Build all the amphitheatres, Athens. But the perfect outdoor venue already exists off Wolfskin Road, at Cloverleaf Farm, a painstakingly preserved pristine Southern property now in its third century of usefulness.
How can you improve upon 27 acres of dance party barns, immaculately maintained gardens, a for-real antebellum mansion and the cozy stage nestled in a pecan grove? Grab your biggest blanket, some glow sticks and post up on the hill. Wildwood Revival, now in its fourth year, produces a flawless event celebrating American roots music, glamorous camping and craft everything.
The weekend was a series of magical moments in an idyllic, Instagrammable wonderland featuring an endless supply of cold Topo Chico and Creature Comforts brews and both Maepole and Café Racer on-site feeding the masses. So, yeah, absolute heaven. Here are five things Flagpole will never forget:
Late Friday night, festival organizers interrupted the Rebirth Brass Band set with a missing child announcement. The somber and scary moment lasted less than three seconds. Ten-year-old Joel and his FC Barcelona jersey were found by the band, in the front row. He wasn’t lost—he was partying. The New Orleans-based, Grammy award winning eight-piece saved the day.
Alt-country founding father Jay Farrar remained stoic, sweating through his cowboy shirt, while his band Son Volt chugged through heavy and humid rock songs peppered with lead guitarist Chris Frame’s effortless licks and utilityman Mark Spencer’s bending notes. They closed the mid-afternoon set in the most perfect professional manner with the certified hit (“Drown”) followed by the ultra-exceptional road trip mixtape ballad (“Windfall”) and a totally badass Rolling Stones cover (“Monkey Man”). The three-song sequence was exactly how to reward an appreciative audience, baking in the sun.
Songwriter Josh Rifkind is a longtime Atlanta music scene stalwart and the executive director of the Songs for Kids Foundation, a nonprofit organization dedicated to connecting children suffering from serious illness with opportunities to be creative through music. He took the stage Saturday afternoon to raise awareness for the cause and perform “Ring of Fire” with young Avery, a student at the Songs for Kids Center in Atlanta. The duo brought down the house. Here’s hoping for a longer time slot next year. Also, you should go online and donate so much money to this amazing movement right now.

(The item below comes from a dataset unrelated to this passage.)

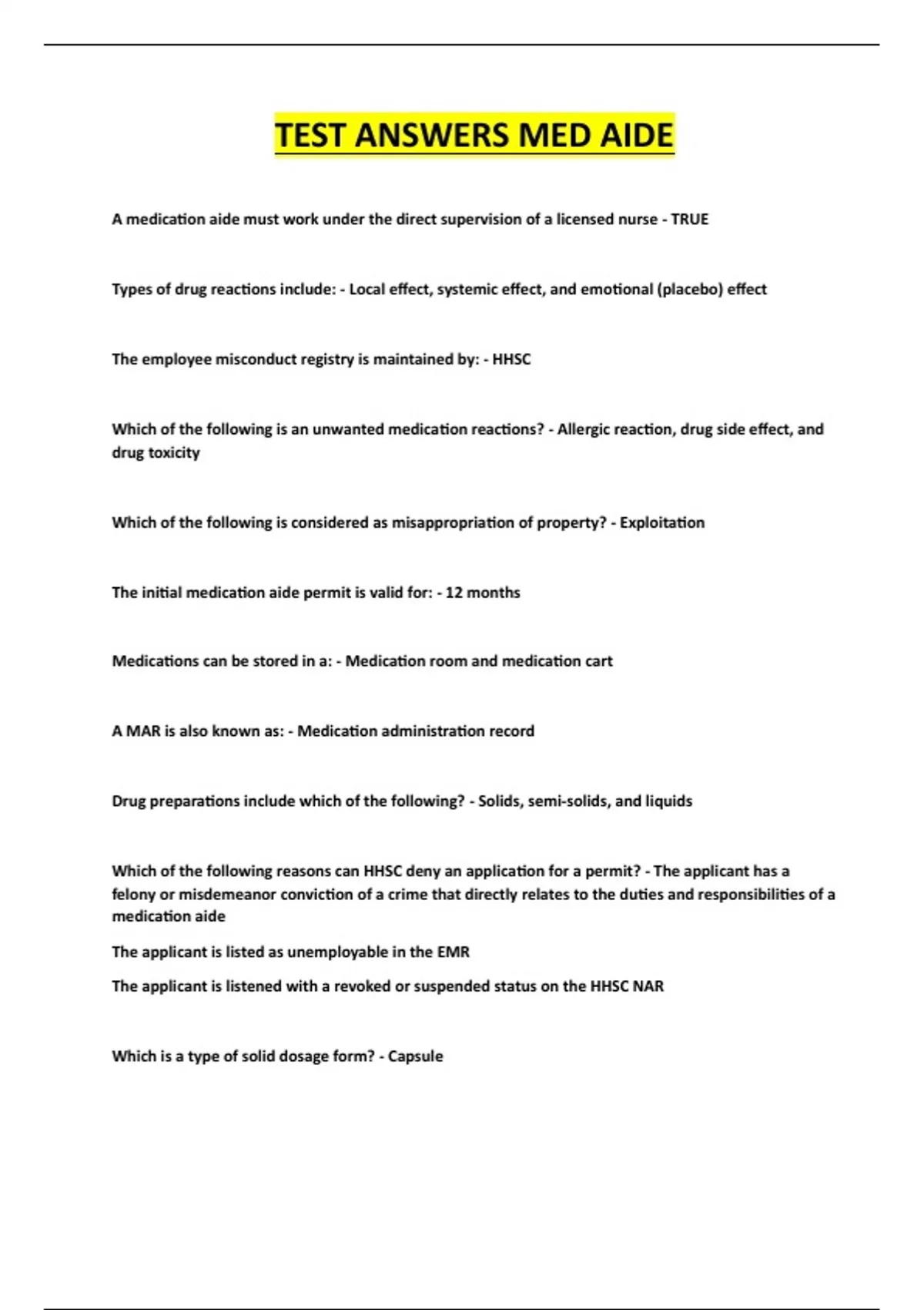 TEST ANSWERS MED AIDE A medicaƟon aide must work under the direct supervision of a licensed nurse - TRUE Types of drug reacƟons include: - Local effect, systemic effect, and emoƟonal (placebo) effect The employee misconduct registry is maintained by: - HHSC Which of the following is an unwanted medicaƟon reacƟons? - Allergic reacƟon, drug side effect, and drug toxicity Which of the following is considered as misappropriaƟon of property? - ExploitaƟon The iniƟal medicaƟon aide permit is valid for: - 12 months MedicaƟons can be stored in a: - MedicaƟon room and medicaƟon cart A MAR is also known as: - MedicaƟon administraƟon record Drug preparaƟons include which of the following? - Solids, semi-solids, and liquids Which of the following reasons can HHSC deny an applicaƟon for a permit? - The applicant has a felony or misdemeanor convicƟon of a crime that directly relates to the duƟes and responsibiliƟes of a medicaƟon aide The applicant is listed as unemployable in the EMR The applicant is listened with a revoked or suspended status on the HHSC NAR Which is a type of solid dosage form? - Capsule

Shovels & Rope are everything. “Mississippi Nuthin,” from the 2019 EP I’m Coming Out, is the fuzzed-out, deep-fried, dark af Springsteen-y anthem you didn’t know you were waiting for. Having it blasted at you from the piecemealed wall of lost and found, totally miscellaneous amplifiers that envelope the duo—at dusk in a dusty meadow—is highly recommended.
With apologies to the living institution that is Lucinda Williams, her primal intensity and amazing bandmates and the way they made tiny hairs on every neck tingle when they marched through “Righteously” and stomped through an intense one-song encore (“Joy”): You were amazing, Lucinda, but we’ll never forget the woman Saturday afternoon who, with genuine concern marked with a dash of dismay, asked aloud to no one in particular, “Is this really the line for curly fries?”